AWS Snowball is basically a data transport solution for moving high volumes of data into and out of a specified AWS region. On the other hand, AWS Snowball Edge adds additional computing functions apart from providing a data transport solution. The snowmobile is an exabyte-scale migration service that allows you to transfer data up to 100 PB.
41. Explain what T2 instances are?
The T2 Instances are intended to give the ability to burst to a higher performance whenever the workload demands it and also provide a moderate baseline performance to the CPU.
The T2 instances are General Purpose instance types and are low in cost as well. They are usually used wherever workloads do not consistently or often use the CPU.
42. What are the advantages of AWS IAM?
AWS IAM allows an administrator to provide multiple users and groups with granular access. Various user groups and users may require varying levels of access to the various resources that have been developed. We may assign roles to users and create roles with defined access levels using IAM.
It further gives us Federated Access, which allows us to grant applications and users access to resources without having to create IAM Roles.

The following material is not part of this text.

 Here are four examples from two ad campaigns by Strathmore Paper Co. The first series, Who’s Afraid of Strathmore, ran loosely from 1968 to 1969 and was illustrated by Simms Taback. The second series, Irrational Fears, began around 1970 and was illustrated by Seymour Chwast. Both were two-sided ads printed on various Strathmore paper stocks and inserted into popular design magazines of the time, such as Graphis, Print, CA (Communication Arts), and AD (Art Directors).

43. Explain Connection Draining?
Connection Draining is an AWS service that allows us to serve current requests on the servers that are either being decommissioned or updated.
By enabling this Connection Draining, we let the Load Balancer make an outgoing instance finish its existing requests for a set length of time before sending it any new requests. A departing instance will immediately go off if Connection Draining is not enabled, and all pending requests will fail.

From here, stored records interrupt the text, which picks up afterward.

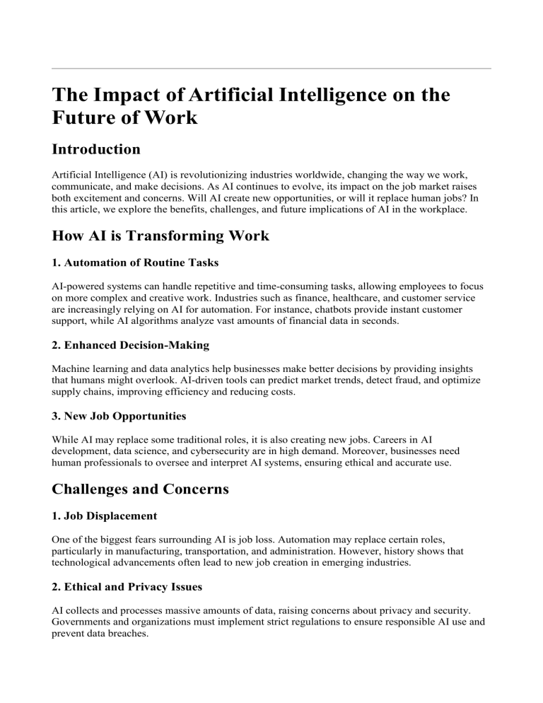 The Impact of Artificial Intelligence on the Future of Work Introduction Artificial Intelligence (AI) is revolutionizing industries worldwide, changing the way we work, communicate, and make decisions. As AI continues to evolve, its impact on the job market raises both excitement and concerns. Will AI create new opportunities, or will it replace human jobs? In this article, we explore the benefits, challenges, and future implications of AI in the workplace. How AI is Transforming Work 1. Automation of Routine Tasks AI-powered systems can handle repetitive and time-consuming tasks, allowing employees to focus on more complex and creative work. Industries such as finance, healthcare, and customer service are increasingly relying on AI for automation. For instance, chatbots provide instant customer support, while AI algorithms analyze vast amounts of financial data in seconds. 2. Enhanced Decision-Making Machine learning and data analytics help businesses make better decisions by providing insights that humans might overlook. AI-driven tools can predict market trends, detect fraud, and optimize supply chains, improving efficiency and reducing costs. 3. New Job Opportunities While AI may replace some traditional roles, it is also creating new jobs. Careers in AI development, data science, and cybersecurity are in high demand. Moreover, businesses need human professionals to oversee and interpret AI systems, ensuring ethical and accurate use. Challenges and Concerns 1. Job Displacement One of the biggest fears surrounding AI is job loss. Automation may replace certain roles, particularly in manufacturing, transportation, and administration. However, history shows that technological advancements often lead to new job creation in emerging industries. 2. Ethical and Privacy Issues AI collects and processes massive amounts of data, raising concerns about privacy and security. Governments and organizations must implement strict regulations to ensure responsible AI use and prevent data breaches. 3. The Need for Reskilling As AI reshapes industries, workers must adapt by learning new skills. Companies and governments should invest in education and training programs to help employees transition into AI-driven workplaces. The Future of AI in the Workplace AI is not here to replace humans but to enhance productivity and innovation. The key to a successful future lies in collaboration between humans and AI, leveraging technology to improve efficiency while maintaining ethical standards. Organizations that embrace AI while prioritizing workforce development will thrive in the digital age. By fostering a culture of lifelong learning, we can ensure that AI serves as a tool for progress rather than a threat to employment. Conclusion Artificial Intelligence is transforming the way we work, offering both opportunities and challenges. While concerns about job displacement and ethics remain, AI has the potential to drive innovation and economic growth. The key to success is adaptability—workers, businesses, and policymakers must work together to shape a future where AI and human intelligence coexist harmoniously.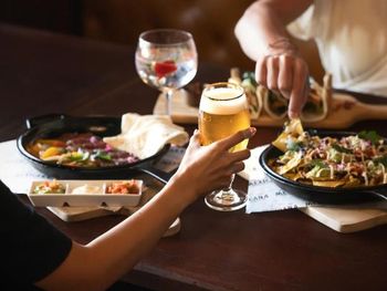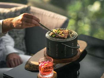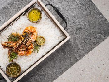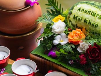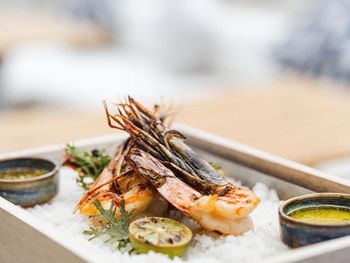 Для гостей сервируется завтрак «шведский стол», континентальный завтрак и полный английский/ирландский завтрак. При Anantara Mai Khao Phuket Villas работает ресторан, где подают блюда индийской кухни, блюда японской кухни и морепродукты. Гости могут попросить приготовить вегетарианские, халяльные и веганские блюда.
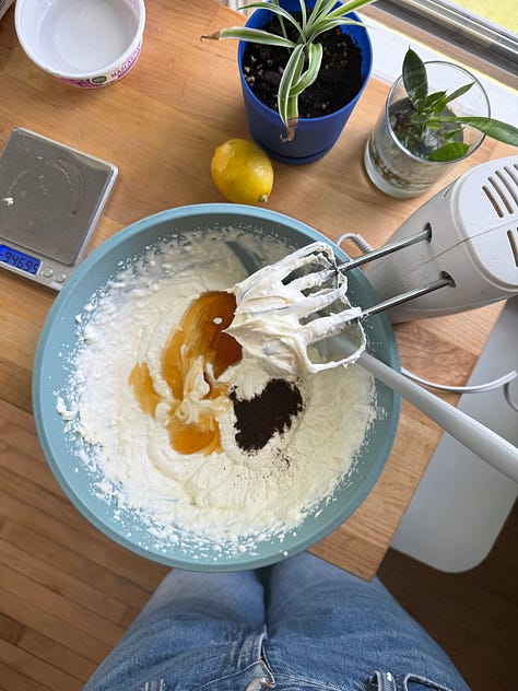 switch to whisk attachment, add heavy cream and beat until fluffy (don’t overmix - the mascarpone can curdle)

44. What is Power User Access in AWS?
The AWS Resources owner is identical to an Administrator User. The Administrator User can build, change, delete, and inspect resources, as well as grant permissions to other AWS users.Administrator Access without the ability to control users and permissions is provided to a Power User. A Power User Access user cannot provide permissions to other users but has the ability to modify, remove, view, and create resources.

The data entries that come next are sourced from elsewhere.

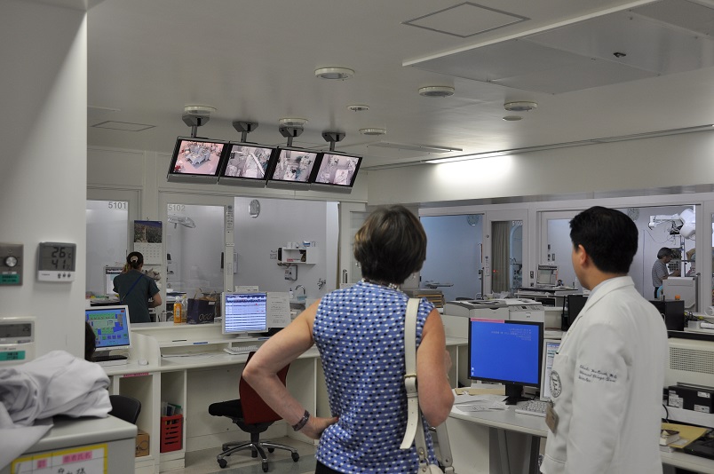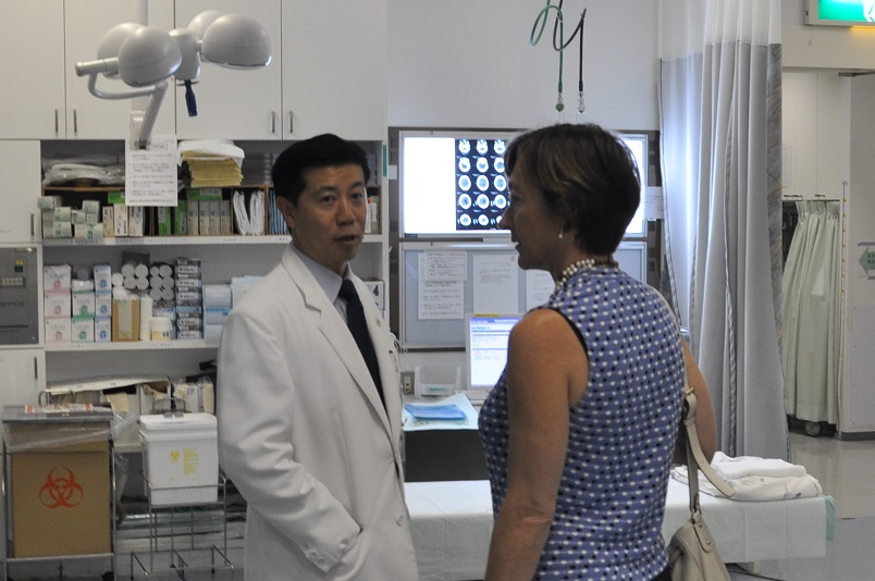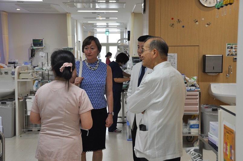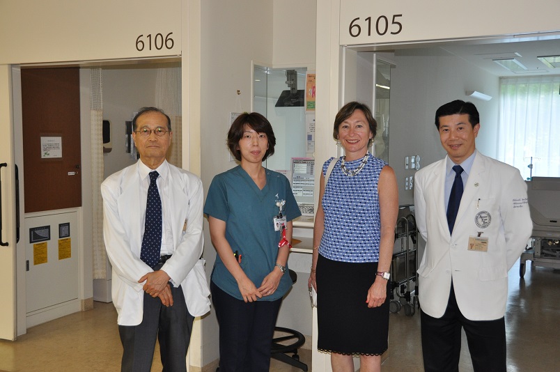 視察に先立ち、Glazer看護学部長は当院・甲能直幸病院長と道又元裕看護部長を表敬訪問、しばし懇談が行われた後、ICU、SICU、脳卒中センター、高度救命救急センター等の集中治療室やNICU、GCU、MF-ICU等の総合周産期母子医療センターを中心に見学し、最新機器が配備された施設と、患者さん・医療スタッフ双方に快適な環境が整っていることに感嘆の声を挙げていました。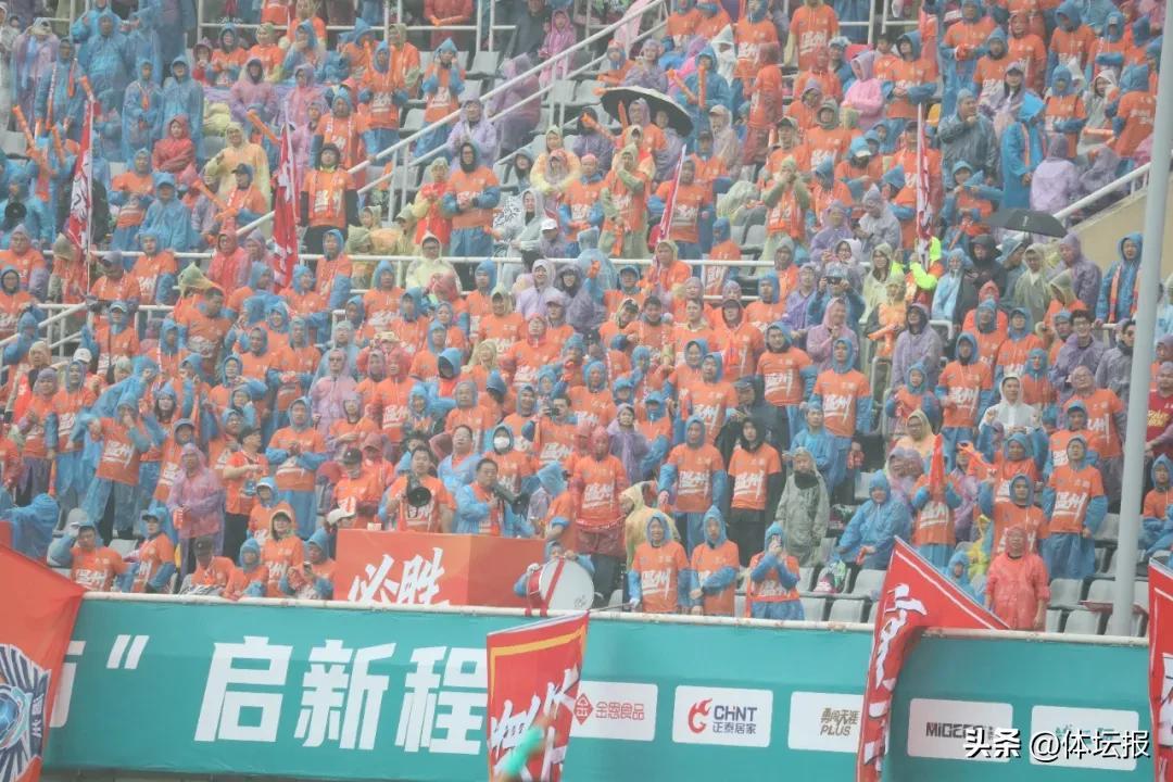 開賽前,原本陰沉的天空終於按捺不住,大雨開始侵襲溫州體育中心看臺。但是不少球迷無懼風雨,在露天看臺熱血奮戰,“溫州必勝”的巨型旗幟在風雨中緩緩展開。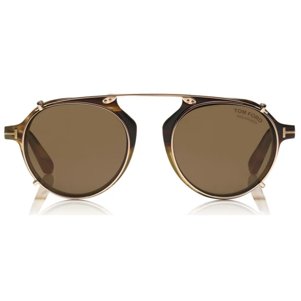 “The Tom Ford Private Collection is an exclusive edition of sunglasses and optical frames based on the eyewear that Mr. Ford wears every day. Discover the latest ready-to-wear clear lenses now available in TOM FORD Eyewear. These protective lenses reduce risks of blue lights and increase visual comfort from long exposure to digital devices. Soft pilot in real buffalo horn shape, with metal bridge. Real water buffalo horn is selected for its luxurious finish and natural pattern that gives each piece its unique quality. It is offered with polarized clip on.”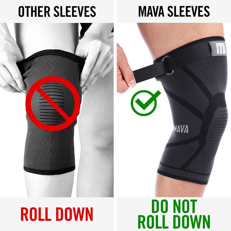 - “NO ROLL DOWN” Knee Sleeve - PAIR - Effective and designed for arthritis pain, sports activities and many others. Our knee support will help you reduce pain, swelling and inflammation. No itching, No slipping, Full mobility & Comfort. Enjoy your life and everyday activities again. The most common and annoying problem is now SOLVED! Our knee compression sleeve DOES NOT ROLL DOWN.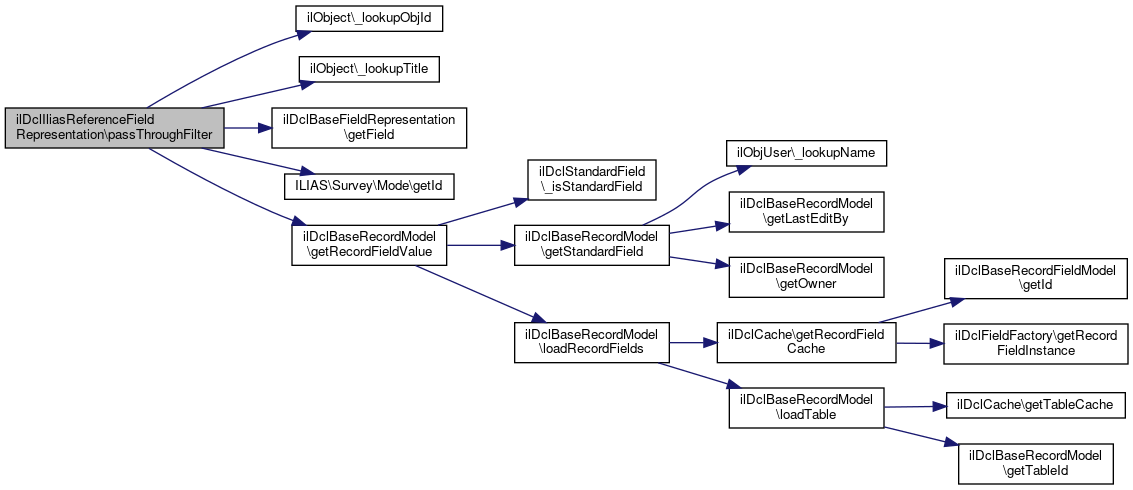 Here is the call graph for this function:| ilDclIliasReferenceFieldRepresentation::passThroughFilter | ( | ilDclBaseRecordModel | $record, |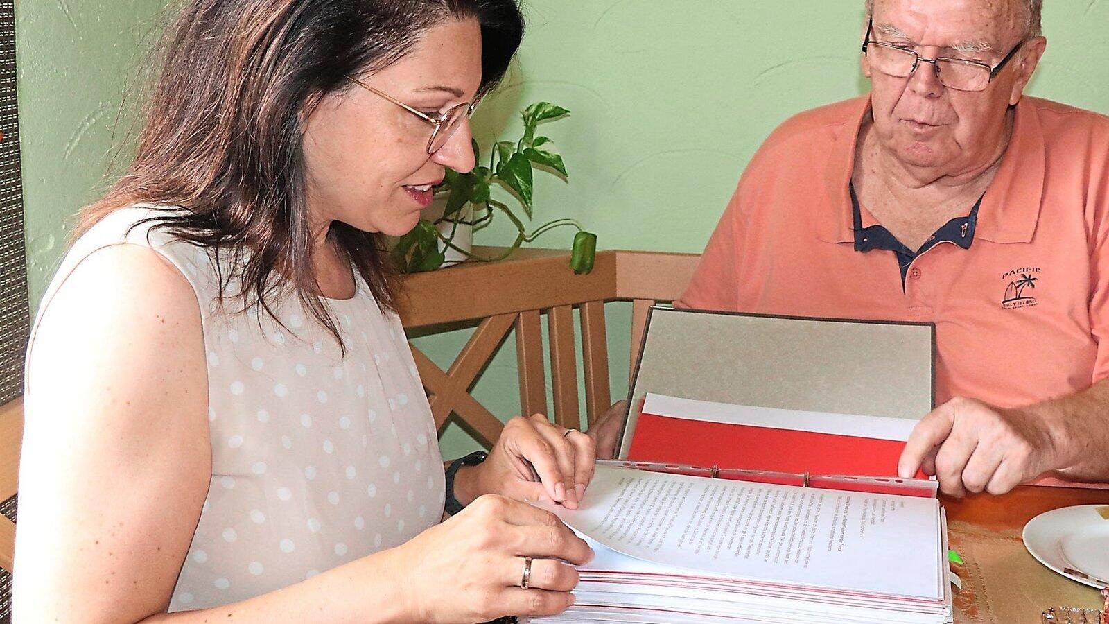 Respekt zollte MdB Martina Englhardt-Kopf Karlheinz Schröpfer beim Durchblättern des Manuskript-Ordners für sein "Kathi"-Buch, das im September erscheinen soll.

AWS Interview Questions for CloudFormation
45. How is AWS CloudFormation different from AWS Elastic Beanstalk?
Here are some differences between AWS CloudFormation and AWS Elastic Beanstalk:
AWS CloudFormation helps you provision and describe all of the infrastructure resources that are present in your cloud environment. On the other hand, AWS Elastic Beanstalk provides an environment that makes it easy to deploy and run applications in the cloud.
AWS CloudFormation supports the infrastructure needs of various types of applications, like legacy applications and existing enterprise applications. On the other hand, AWS Elastic Beanstalk is combined with the developer tools to help you manage the lifecycle of your applications.
46. What are the elements of an AWS CloudFormation template?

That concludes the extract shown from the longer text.